What do I have to notify my insurers about and when?



Insurers and their policies are often considered to be somewhat on the ‘dark side’: both in terms of perceived financial burden and expectations around notification. In fact, the contract you enter into when you purchase medical indemnity is highly transparent. The problem often lies in lack of communication around and understanding of the detail; and how many consultants can put hand on heart and say they have read their policies from cover to cover?!


Contrary to popular myth, notification does not equal automatic increase in premium. Underwriters have a sophisticated understanding of the nuances of medical complaints and claims and would in fact be more concerned if a client never notified an issue than if that client made a few notifications a year.


They look at each notification on its merits and would far prefer (and indeed the policy demands it) to be informed of a complaint or niggle or incident which you are worried about even if the patient has not raised a concern - in order to intervene at an early stage - rather than you trying to deal with the issue alone or ignoring it and potentially compromising or prolonging things in so doing. They build a certain allowance for minor notifications into their quotes.


What does this mean in practice then?

Your policy requires you to notify insurers as soon as possible and in any case no later than 30 days – sooner if you are renewing your insurance policy imminently - through the helpline supplied in your policy documentation of:


  • Any event which you believe may give rise to a claim – examples include: you have to use a different product to that which you stated you would use during the procedure; you had to take a different course of action - eg incision in a different place -to that agreed in the consent form; the patient is demanding care which you do not think you can provide – especially pertinent for cosmetic surgeons who often find themselves under pressure to over operate

  • Any intimation of a claim – eg a letter requesting your medical records and those of Spire or a verbal or written threat to seek legal advice

  • A patient complaint relating to alleged harm or loss to that patient

  • If you intend to refund a patient for treatment.

any merit in the claim.
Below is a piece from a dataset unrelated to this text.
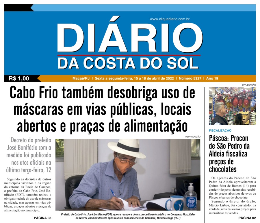 Edições Impressas Edição de sexta a segunda-feira 15 a 18/04/2022 nº 5327 Publicado em 14/04/2022 - 23:55 Escrito por Fernando Vitor Notícias relacionadas: Seguinte Edição de terça-feira 19/04/2022 nº 5328 Anterior Edição de quinta-feira 14/04/2022 nº 5326 Fernando Vitor Notícias Recentes Cabo Frio2 minutos atrás Cabo Frio prepara esquema especial de segurança nas praias e áreas de lazer Cabo Frio6 minutos atrás Cabo Frio realiza ações de proteção a fauna após aparecimento de animais em bairros Cabo Frio19 minutos atrás Cabo Frio reúne especialistas em evento do programa “Vim Cuidar de Você” Desenvolvimento19 minutos atrás Rio das Ostras estreita relações com a Rede Petro BC de olho em eventos do setor de energia em 2026 Cabo Frio22 minutos atrás Aula-passeio apresenta riqueza cultural e ambiental de Cabo Frio na Fazenda Campos Novos Cabo Frio26 minutos atrás Cabo Frio suspende expediente em órgãos públicos nesta sexta Cidades28 minutos atrás Macaé terá Dia do Futebol Feminino e programa para valorização da mulher rural Arraial do cabo29 minutos atrás Carreta científica desembarca em Arraial do Cabo com programação gratuita Polícia47 minutos atrás Polícia Civil prende liderança do ADA no bairro Fronteira em Macaé Cidades1 hora atrás Homem é detido em Campos após ser encontrado com arma municiada durante patrulha Clique Diário E. L. Mídia Editora Ltda CNPJ: 09.298.880/0001-07 Redação: Rua Tupinambás 122 Gloria – Macaé/RJ comercial@diariocs.com (22) 2765-7353 (22) 999253130 Mais lidas da semana Cultura5 dias atrás Adilson Lopes apresenta exposição “Trajetória” em Casimiro de Abreu Meio Ambiente2 dias atrás Lagoa de Iriry, em Rio das Ostras, recebe nova sinalização focada em sustentabilidade Cidades6 dias atrás Macaé é finalista no Festival Internacional de Cinema Cristão com “A Paixão de Cristo” Esporte5 dias atrás De Saquarema para o Brasileirão: Vasco troca gramado de São Januário

A consultant’s belief that the claim is spurious is often what gets them into trouble further down the line; assuming the issue will go away.
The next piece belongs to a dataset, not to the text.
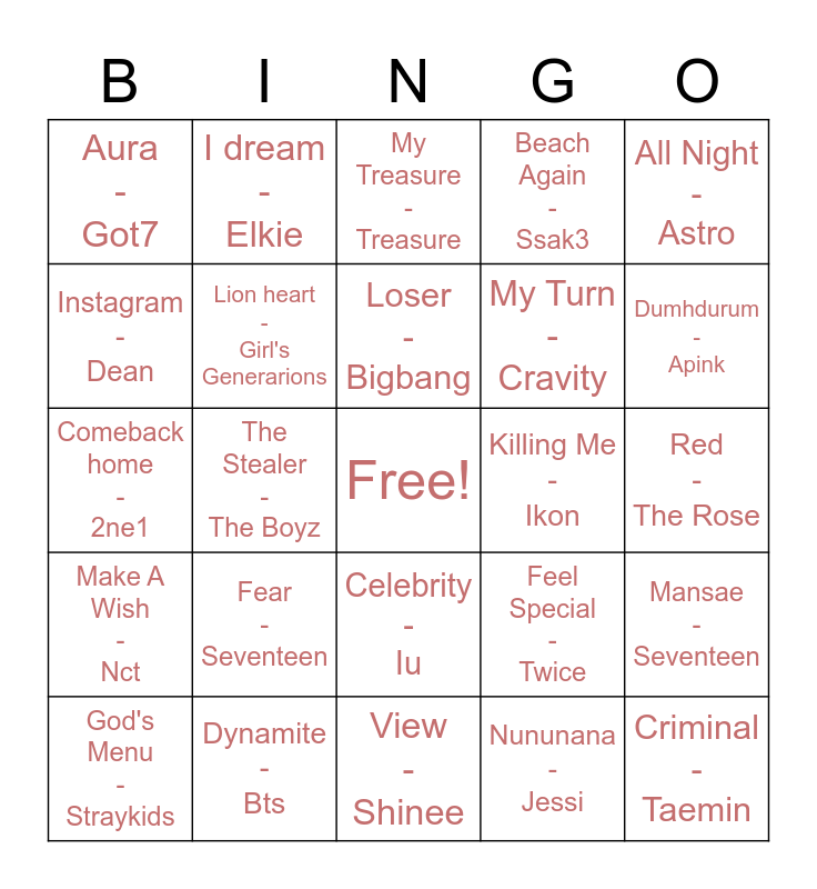 This bingo card has a free space and 24 words: Fear - Seventeen, Dynamite - Bts, Loser - Bigbang, God's Menu - Straykids, All Night - Astro, Aura - Got7, Instagram - Dean, I dream - Elkie, Killing Me - Ikon, Celebrity - Iu, My Turn - Cravity, Comeback home - 2ne1, Feel Special - Twice, Mansae - Seventeen, Lion heart - Girl's Generarions, Nununana - Jessi, Red - The Rose, My Treasure - Treasure, Dumhdurum - Apink, The Stealer - The Boyz, Criminal - Taemin, Make A Wish - Nct, Beach Again - Ssak3 and View - Shinee.

Patients can be very tenacious, especially when backed up by no win no fee ambulance chasing law firms who advertise on day time television and radio and even in private hospitals!


Throw into the mix the fact that since 2013 patients have been able to bring claims which, even if they lose at Trial, do not require payment of the defendant’s costs (ie your legal fees of going to Trial and winning), then it unfortunately makes for a very imbalanced situation where there is no real downside to the patient continuing down a contentious path for some time.


This is sadly the reality and why you need the best advice from the outset. When you notify these circumstances it enables you to benefit from early legal intervention (often ‘ghostwritten’ for you at this juncture to avoid escalating issues or making patients and their lawyers assume that solicitors are instructed because there is indeed an answerable claim) which can often close down the potential claim promptly at considerably less cost to you and your insurers.


Another aspect which is often overlooked is the emotional support that you will gain from being able to speak to experienced legal practitioners at this stage.

The policy also – and more obviously – requires immediate notification of:

  • Solicitor letters

  • Court documents

  • GMC correspondence even it only relates to the initial investigation stage

  • Communication relating to inquests

  • Again, this must be notified ahead of renewal. If these documents arrive after you have filled in your renewal form but before the policy actually renews you should promptly forward them to us.

Lockton are here as your advocate and sit in between you and your insurers to represent your interests and voice any concerns. If you are unsure of whether you are obliged to notify, we are always here to help guide you and answer any queries.


Likewise, if you have any issues with how your claim is being handled by the legal advisors, then we can assist.


Our head of healthcare claims is a 12 year qualified clinical negligence defence lawyer with vast experience in handling complex medical malpractice claims and insurance coverage disputes and can assist in ensuring that your claim is being handled in the most efficient and effective (cost and strategy wise) way possible.


If you take nothing else away from this article please remember that if in doubt – notify!